- Film poster
- Spanish: Esta soledad
- Directed by: Javier Giner
- Written by: Javier Giner; Luisa Matienzo;
- Produced by: Bing Fang; Miguel Torrente;
- Starring: Oriol Pla; Marina Salas; Gemma Martínez; Kai Etxaniz; Itziar Lazkano; Ione Irazabal; Juan Viadas; Miren Gaztañaga; Mikel Bustamante; Ainhoa Artetxe; Omar Ayuso;
- Cinematography: Lali Rubio Panadès
- Edited by: Roberto Bra
- Music by: Claudia Lively
- Production companies: Fuga de Cuerpos AIE; Balance Media Entertainment; Basajaun Filmax; La Embajada TV;
- Distributed by: Filmax
- Release dates: 23 September 2026 (Zinemaldia); 30 October 2026 (Spain);
- Country: Spain
- Language: Spanish

= This Solitude =

This Solitude (Esta soledad) is an upcoming Spanish drama film directed by Javier Giner (in his debut feature) starring Oriol Pla and Marina Salas.

It will premiere at the 74th San Sebastián International Film Festival in September 2026 ahead of its 30 October 2026 theatrical release in Spain by Filmax.

== Plot ==
Set in a gloomy Bilbao, the plot follows Leo and Lorea, who still love each other despite having broken their 5-year-long relationship.

== Production ==
A Fuga de cuerpos AIE, Balance Media Entertainment, La Embajada TV, and Basajaun Filmak production, This Solitude is Giner's directorial debut feature. He wrote the screenplay along with Luisa Matienzo, who also took over executive production.
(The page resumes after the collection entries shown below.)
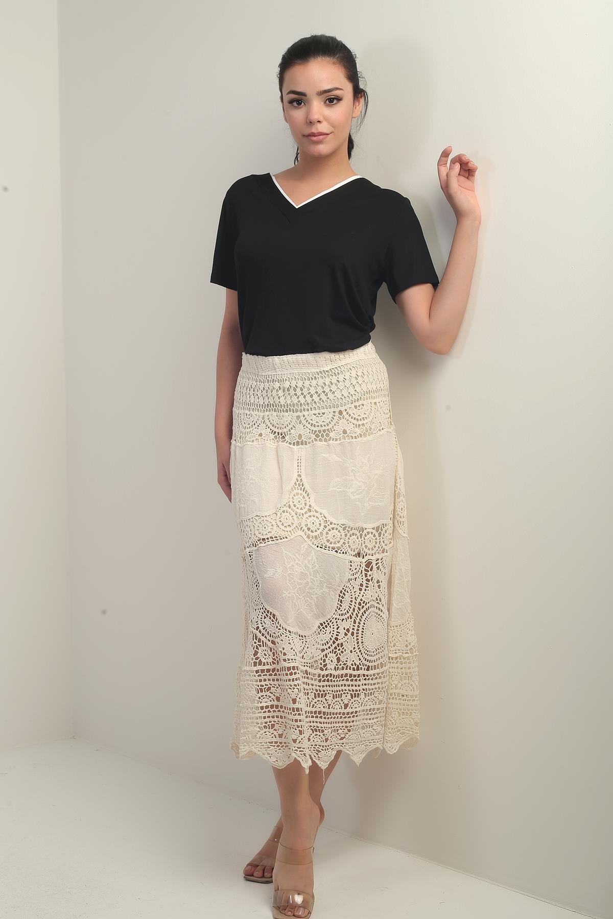 S-25Y1690006Kadın Beli Lastikli Astarlı Dantel Fisto Midi Etek
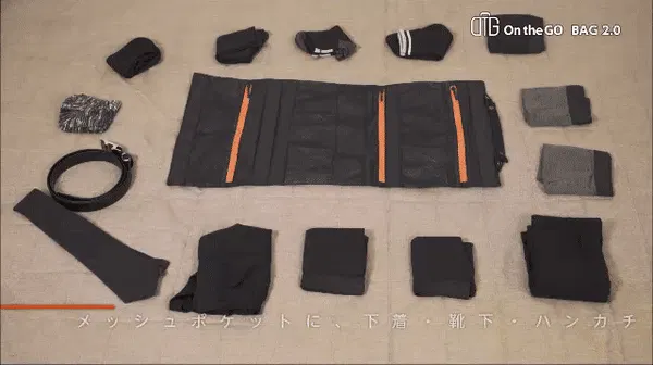 利用方法はとてもシンプル。On the Goバッグ2.0自体が3つのコンパートメントに分かれているので、ジャンル別に収納してたたむだけ!
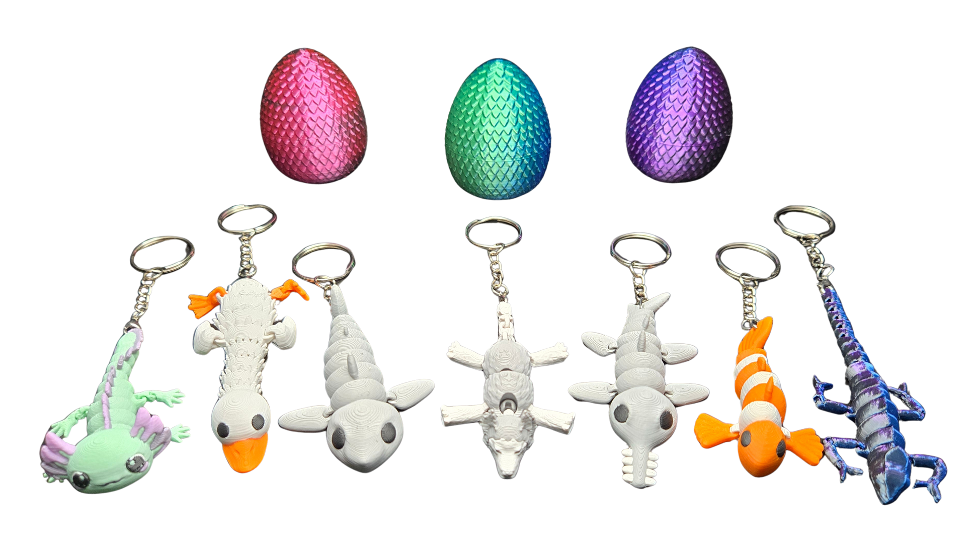 Meet the Key Critters - Clownfish, a fun 3D printed keychain that comes nestled inside a colorful 3D printed egg. While the egg’s color is a surprise each time, the clownfish itself is always in a charming mix of Orange, White, and Black. Perfect for adding a playful touch to kids’ backpacks or brightening up your keys, these durable little pals are ready to accompany you on all your adventures!
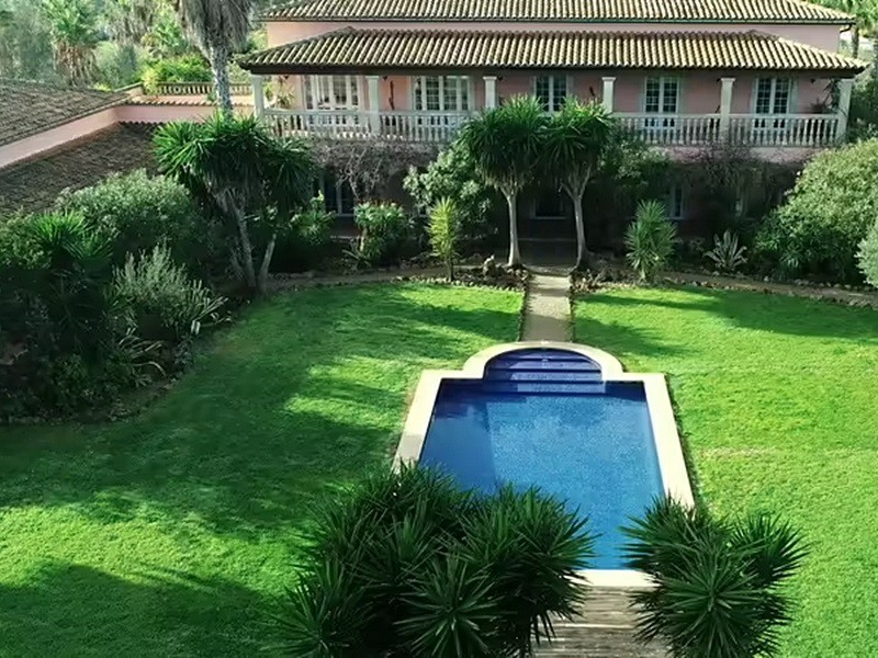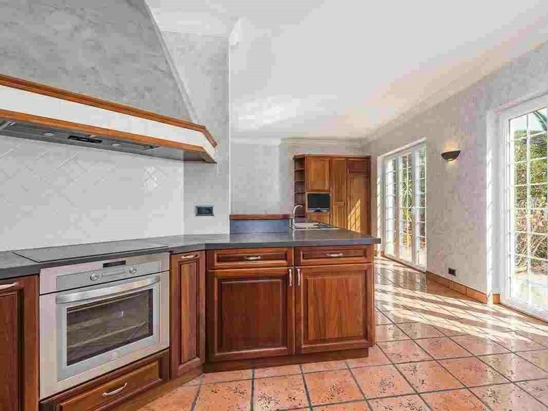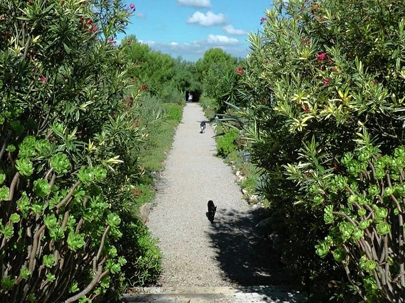 В ухоженном средиземноморском саду с разнообразными видами растений и кактусов - бассейн 43 кв.м. с подогревом из солёной воды и зона барбекю.
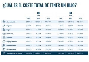 El primer año de vida de un bebé ya representa un esfuerzo económico enorme: hasta 11.586 euros, según Raisin, lo que equivale al 38 % del salario anual medio masculino y al 45 % del femenino. Las etapas posteriores tampoco alivian demasiado la carga. La adolescencia, de los 12 a los 18 años, es la más costosa, con un gasto acumulado medio de más de 100.000 euros. Luego llega la etapa universitaria o de formación superior, que también conlleva gastos elevados en alojamiento, manutención, transporte o material académico.
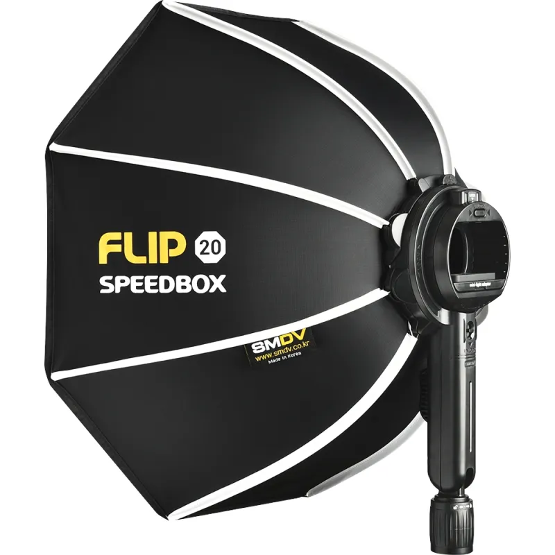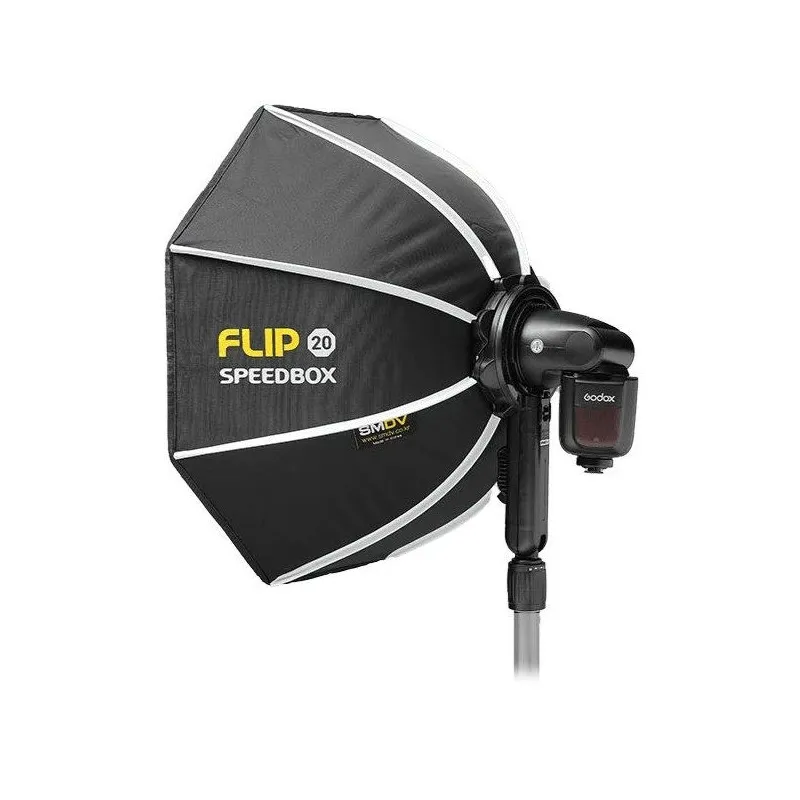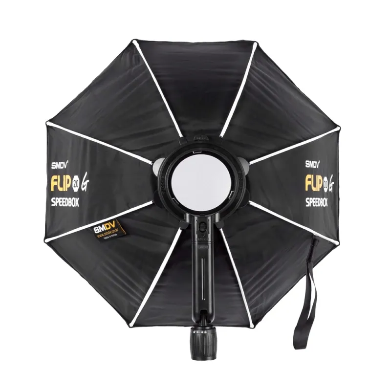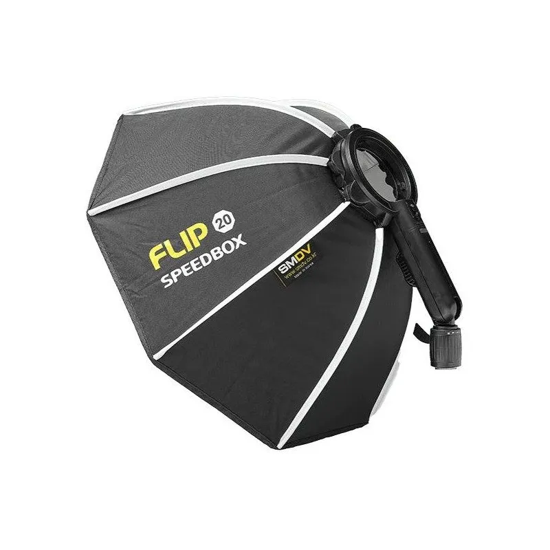 The SMDV Speedbox Flip-20 softbox is an extremely quick to set up, octagonal softbox. The Flip-20 has a diameter of 45 centimeters and is equipped with a practical folding system, so you can quickly unfold and fold it. It comes in a handy carrying case.
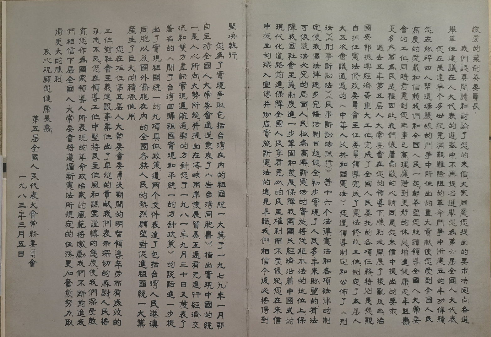 王遐举老先生代表全国人大常委会使用隶书抄写给叶剑英委员长的感谢信
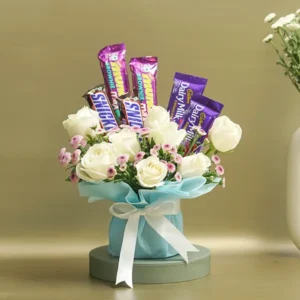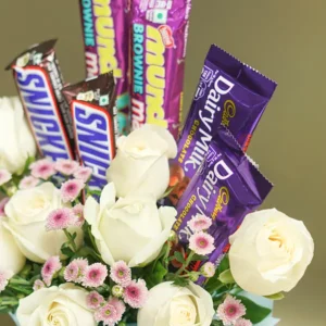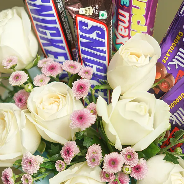 This judicious Floraindia package brings you a floral arrangement of white roses and purple daisies along with a thoughtfully assembled chocolate hamper that gets you a perfect equilibrium of different chocolate tastes and textures like crunchy fruit and nut, refined Snickers and crispy munch. This package is a perfect gift for joyous occasions and a thoughtful present for expressing your love, reverence, or sweetly surprising your loved ones.

Lali Rubio worked as cinematographer using an Arri Alexa Mini camera and Zeiss Superspeed S16 lenses. Shooting locations in Biscay included Bilbao, Sestao, Getxo, and Zaratamo.

== Release ==
The film will be presented in the section of the 74th San Sebastián International Film Festival in September 2026. It also made it to the lineup of the 28th Abycine festival. Distributed by Filmax, it is scheduled to be released theatrically in Spain on 30 October 2026.